*What you have to do*
Pictures are to be dropped, and only the lines from the one containing "Skeletdelen van een" through the end of the data below are to be reproduced as written.
** Opening Provided entries block **
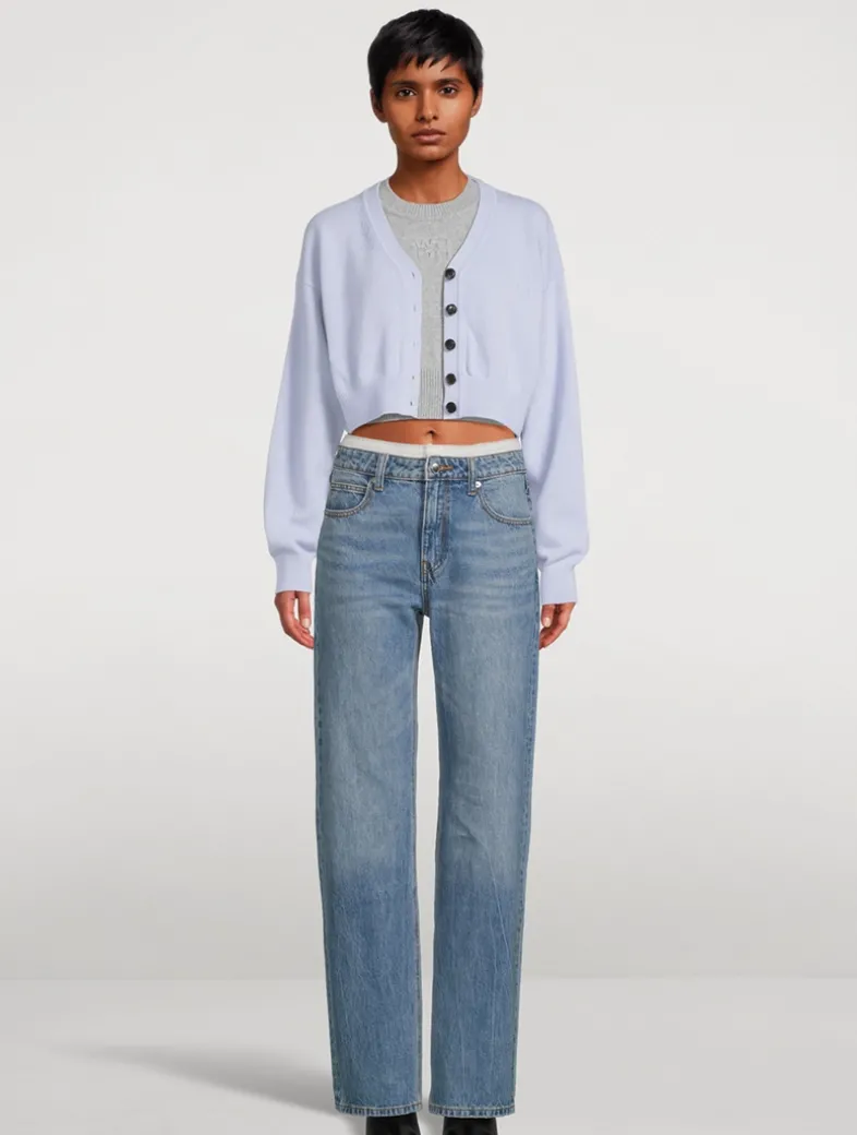 These rigid denim jeans, with a pre-styled pointelle waistband, illustrates a brand-signature aesthetic. They have a relaxed top block with a straight, wide leg designed to stack on the wearer. Finished with classic five-pocket detailing and zipper fly closure.
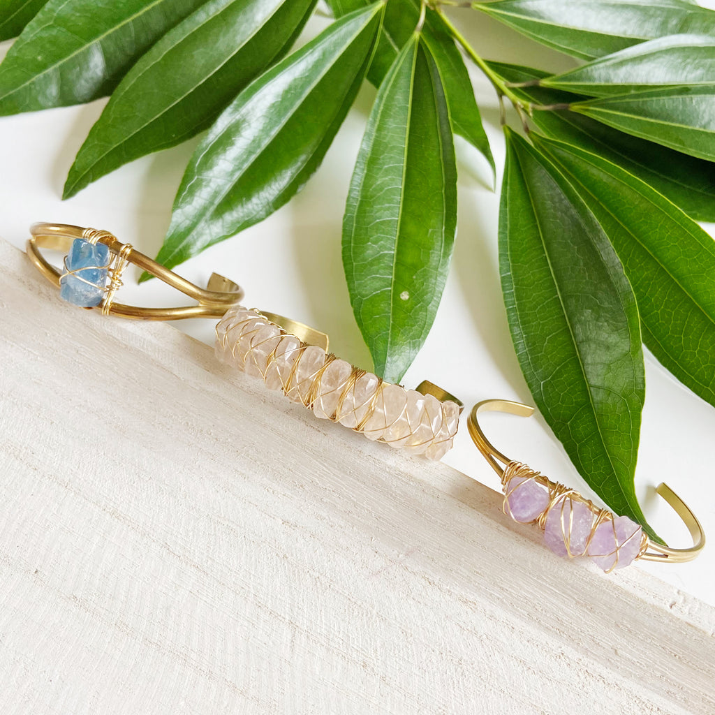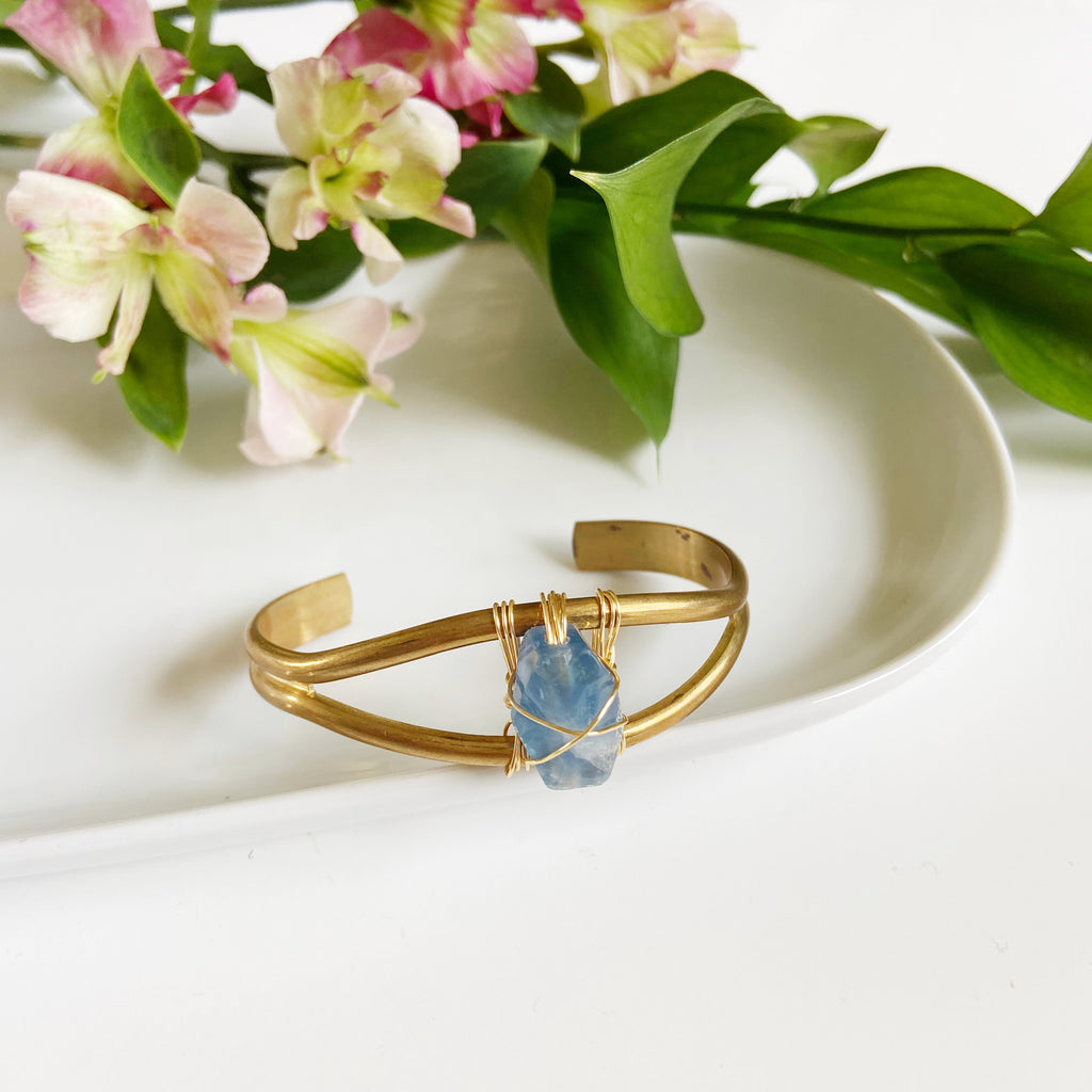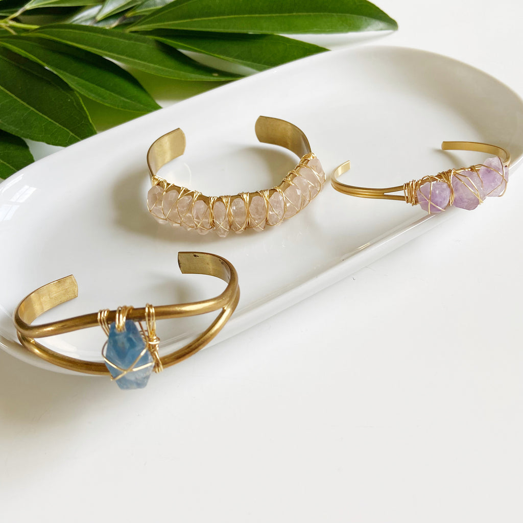 Make a statement with these raw gemstone adjustable brass cuff bracelets. Choose your stone and style, or get one of each!
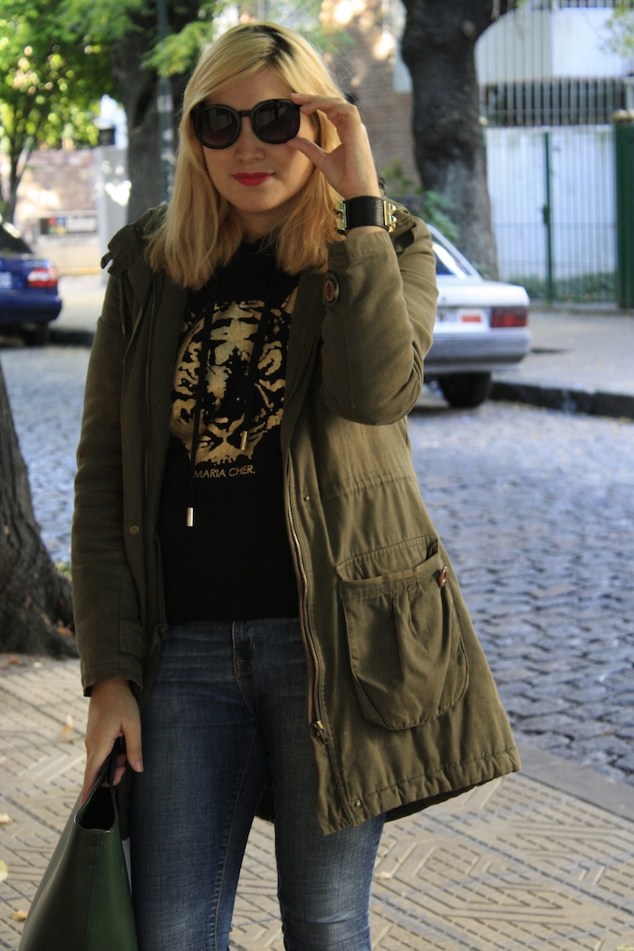 (Outfit: Parka (old), Complot. Jean, buzo y borcegos, María Cher. Cartera, Zara. Brazalete, Lithium)
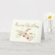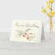 Musical notes are drawn to resemble holly berries and leaves. Vintage gold text reads, "Merry Christmas." Blank interior. Great for music lovers.
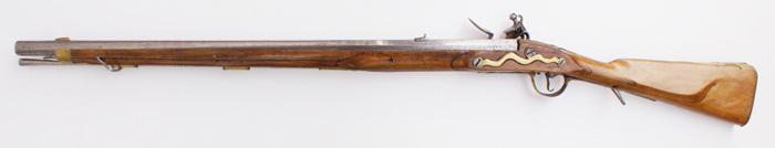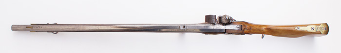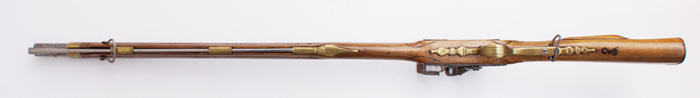 Heller Nussbaum-Vollschaft mit runden Schaftverschneidungen; Kolben mit linksseitiger Backe deutlich abgesenkt. Messingbeschläge, diese bestehend aus halbem Nasenband am Vorderschaft, drei trichterförmigen Ladestockröhrchen, einteiligem Abzugsbügel mit hinterer und vorderer Verlängerung, Kolbenkappe mit ausgeprägtem Fortsatz an der Kolbenoberseite und schlangenförmigem Schlossgegenblech mit drei Schrauben. Konischer, eiserner, Ladestock mit Schraubgewinde am Ende. Anfangs achtkantiger, dann runder Lauf mit 8 Zügen. Standkimme mit einer Klappe, Messing-Ovalkorn auf dem Lauf. Flaches Steinschloss mit abgeschrägten Kanten und ebensolchem Schwanenhalshahn; Eisenpfanne ohne Verbindung zur Batterie. Lauf/Schaftverbindung durch Kreuzschraube und Stifte; Löffelförmige Vorrichtung zum Aufstecken eines Tüllenbajonetts an der Laufunterseite kurz hinter der Mündung. |
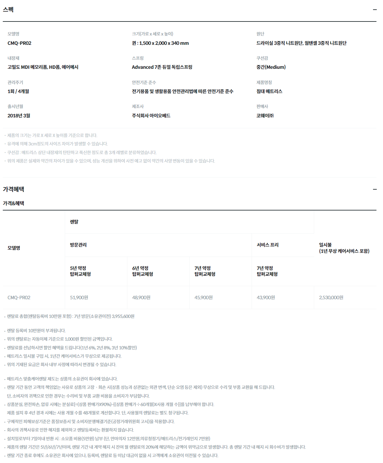 코웨이 비렉스 탑퍼교체 하이브리드2 매트리스 (Q)
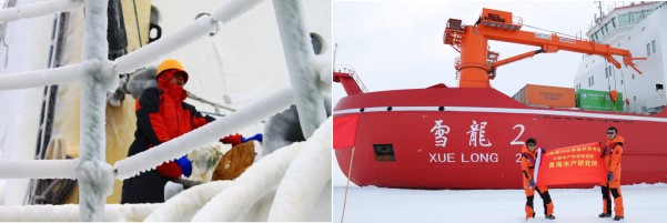 圖5.(左:磷蝦資源探捕調查;右:王新良、許慶昌參加中國第36次南極科學考察)
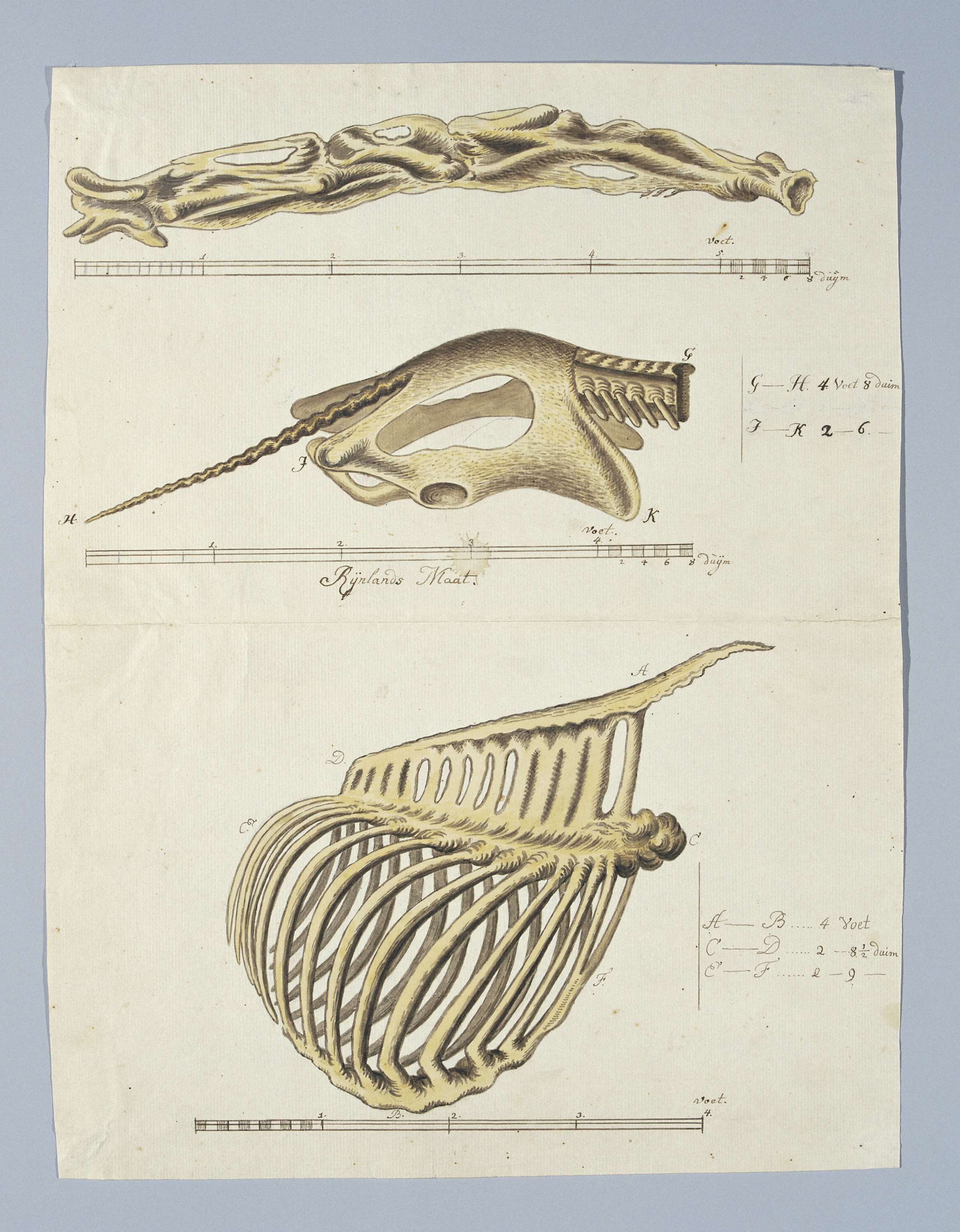 Skeletdelen van een giraf: de nek, het bekken met de staart en de ribbenkast; met schaalverdeling in Rijnlandse maat.
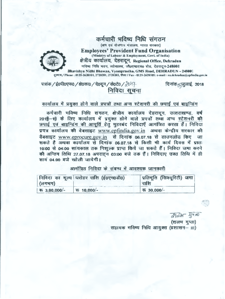 (Ministry of Labor & Employment, Govt. of India) qjlllfotll, 5\'1ctrl,Regional Office, Dehradun. . \'7ftooo
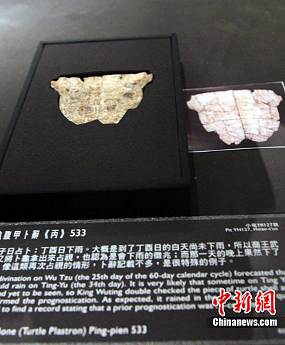 这是陈列馆展品中的殷墟甲骨卜辞。中新社记者 关向东 摄
** Closing Provided entries block **
*Reply*
 Skeletdelen van een giraf: de nek, het bekken met de staart en de ribbenkast; met schaalverdeling in Rijnlandse maat.
 (Ministry of Labor & Employment, Govt. of India) qjlllfotll, 5\'1ctrl,Regional Office, Dehradun. . \'7ftooo
 这是陈列馆展品中的殷墟甲骨卜辞。中新社记者 关向东 摄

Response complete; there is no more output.